Hannes Mehnert interview about MirageOS and OCaml by Evrone

18 Likes

Thank you @elizabethlvova for this link.

Hi @hannes, and other MirageOS developers if they know the answer. I am curious about the soft real-time applications.

  • What kind of latency do you target, and what kind of latency does OCaml allows you to achieve? Are there concrete evaluations about it in the context of MirageOS? (Bonus internet points if they are public so as to be referenced in a paper, that would be very helpful to me!)
  • I have learnt on this discuss that low-latency can be obtained in OCaml by writing in a special style where you promote very little. Do you sometimes have to pay attention to your allocation patterns when you program for MirageOS? Have you ever had to profile an application for latency, and fix it by changing allocation patterns?
1 Like

Hi @gadmm,

I am not sure whether there’s anyone focussing on low-latency MirageOS unikernels. My goal is to first get robust and sustainable infrastructure. I have been playing a bit with an old version of statmemprof to figure out allocation profiles (and landmarks for profiling code), but I am not aware of any in-depth allocation analysis. The closest I am aware of is httpaf’s motivational benchmarks https://github.com/inhabitedtype/httpaf#performance. Also https://github.com/mirage/mirage/pull/968 in respect to our IP stack, but I still feel there’s room for improvement (such as using String/Byte instead of Bigarray; avoid allocation of small structures when sending data).

2 Likes

It is interesting you mentioned this. Isn’t the usage of bigarray more efficient than String/bytes? I think httpaf uses bigstringaf and faraday which seems to pervasively use bigarray as its primary buffer data structure. Isn’t this a performant choice?
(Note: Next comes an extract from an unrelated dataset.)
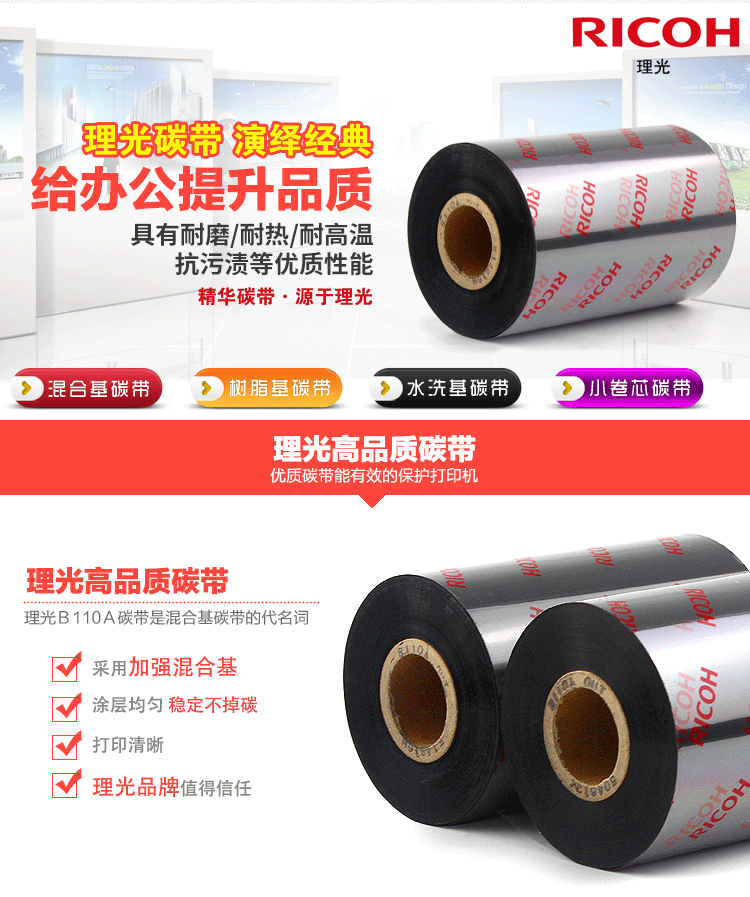 办公耗材  > 打印耗材  > 色带  >  理光  >  理光 B110CR 60MM*300M 全树脂碳带 热转印标签机色带 黑色(单位:卷)

Compared to string/byte, Bigarray doesn’t have much of an advantage. Allocation is always relatively expensive, and accessing it requires going through the C API, whereas small strings/bytes are allocated on the minor heap cheaply. The main advantage is bypassing the size limit of strings(and arrays) on 32-bit platforms, which is a few megabytes.
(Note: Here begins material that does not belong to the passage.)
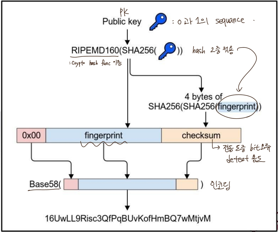 * pk : public key. 서명 검증하는 데 사용. 주로 512bits

Bigarray really starts to shine compared to OCaml arrays, which are scanned by the GC element by element.

1 Like

The main interest of bigarrays is that they are allocated using malloc in the C heap and so are not moved by the GC. This means they can be passed to C functions safely. On the other hand, malloc was not designed to sustain an allocation regime like that of OCaml (which allocates small objects at a fast rate). When you use bigarrays for small structures which are allocated at a high rate that can lead to fragmentation problems and high memory usage (precisely because they cannot be moved by the GC!).

Cheers,
Nicolás

3 Likes

Oh, that’s definitively something I’d like to figure out for a whole system - now that we have a firewall, a DNS server (storing zonefiles in a git repository), a TLS reverse proxy, a CalDAV server, an OpenVPN gateway, a static site webserver (data in a git repo) - let them run with bigarray as is, and at the same time run a version using String/Bytes and compare the CPU and memory characteristics.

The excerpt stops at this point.